Most of us have a quite good working conscience and know too well when we didn't behave the way we should have, our weren't able to live up to our own standards. Some of us try to ignore the nerve-wracking knocking of our conscience on the doors of our mind, but there aren't many who are successful in doing so. So noone really should be in need to tell you whether you're right or wrong. You should be able to see it yourself in a quite moment of leaning back and pondering. If there is something bothering you - its time to rethink our actions.
But many times after sinning, being mean or simply not doing good enough we don't have the courage to stand up and fix what we have broken.
What you don't repair will remain broken.
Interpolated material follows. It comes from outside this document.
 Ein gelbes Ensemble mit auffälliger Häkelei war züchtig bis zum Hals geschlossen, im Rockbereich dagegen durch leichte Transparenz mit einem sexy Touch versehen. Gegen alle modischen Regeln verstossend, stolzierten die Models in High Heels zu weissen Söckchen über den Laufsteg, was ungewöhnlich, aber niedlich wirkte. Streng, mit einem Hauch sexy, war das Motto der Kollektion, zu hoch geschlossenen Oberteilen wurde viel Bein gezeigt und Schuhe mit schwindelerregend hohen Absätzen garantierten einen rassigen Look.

If you have an honest interest in a relationship , and that should be the case if you befriended/married the right people, you might also have an honest interest in fixing the cracks.
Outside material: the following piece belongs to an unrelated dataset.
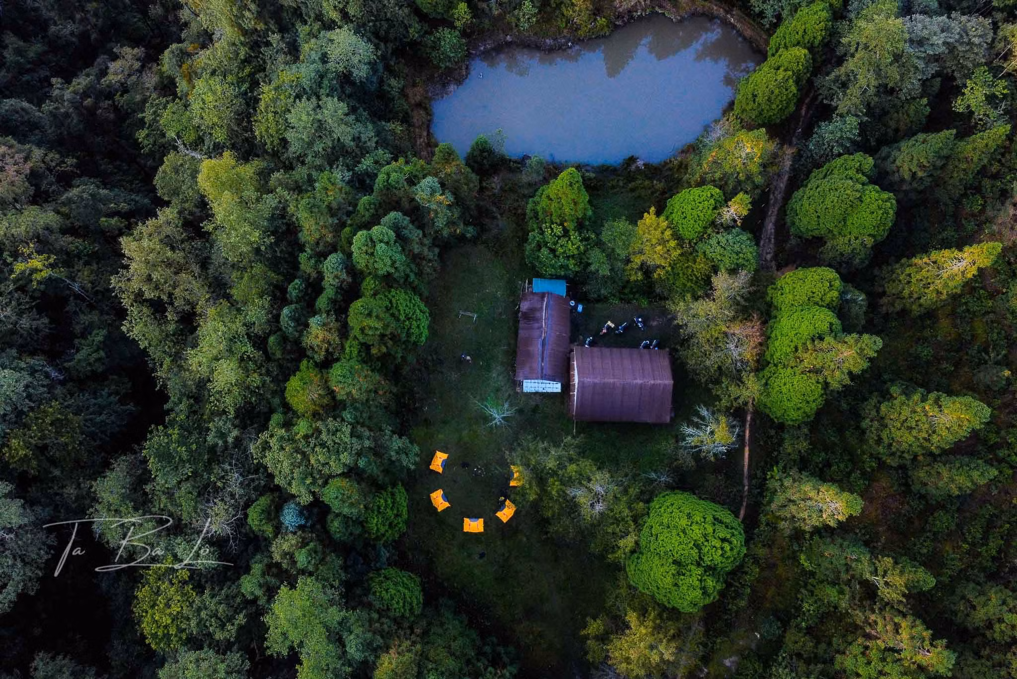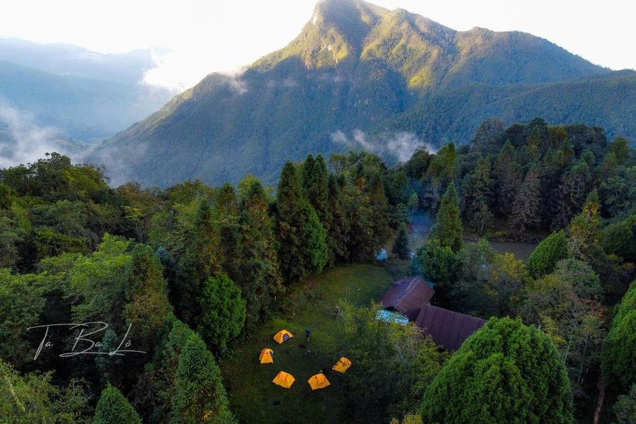 Hiking khoảng 6km, khách trekking sẽ dùng bữa trưa giữa khung cảnh rừng vầu, nghỉ ngơi và di chuyển khoảng tiếp khoảng hơn 6km nữa là sẽ đến hai lán gỗ nhỏ xinh nằm giữa một thung lũng trồng rất nhiều bạch đàn, sa mộc, lê, đào… Ngay cạnh lán gỗ có các bãi cỏ rất đẹp phù hợp để cắm trại ngoài trời. Dựng lều và chuẩn bị bữa tối xong, du khách có thể lên đỉnh 1.900m cách khu cắm trại không xa để ngắm hoàng hôn với những biển mây bồng bềnh.

So go ahead and fix it. If you can't fix it : make it less hurting. Clean your conscience, make a move and step out of you're comfort zone. Forget the ego.
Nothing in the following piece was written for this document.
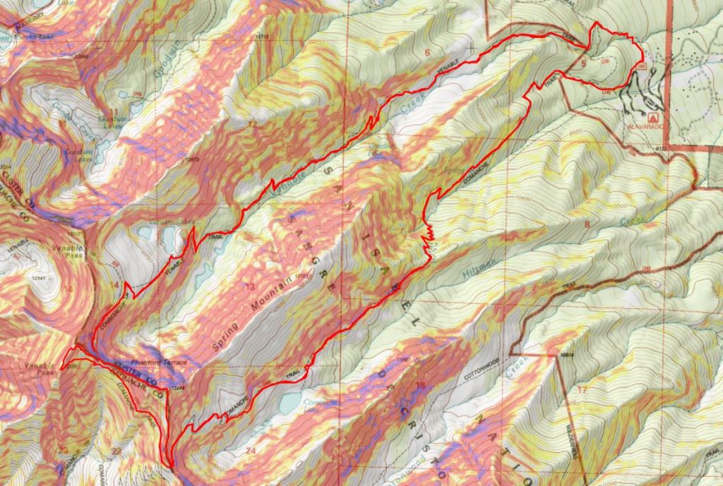 Just for reference, I was able to summit this peak via the Comanche trail the next day. Here’s what the pass looked like from above

The other side might be waiting for your move, struggling the same way
The rarest separations are pleasurable.
1) Rethink the situation :
What have you done wrong ? What could have you done better ? What do you still stand behind ? Why are you upset ? Why is the other side upset ? How can you change it ?2) Rethink your relationship :
What does the other mean to you ? Why do you like them ? Why could they be liking you ? Is the issue worth risking the relationship ?3) Rethink your character :
Do you often react in a way in which you wish you shouldn't ? How are you planning to change it ?Once you apologize for something you will be a lot less likely to repeat the same behaviour. Apologizing is never easy in the first moment. Admitting ones own faults to someone we have wronged without trying to justify is never a pleasurable experience for the first seconds. It might take some mental preparation time. But its worth it.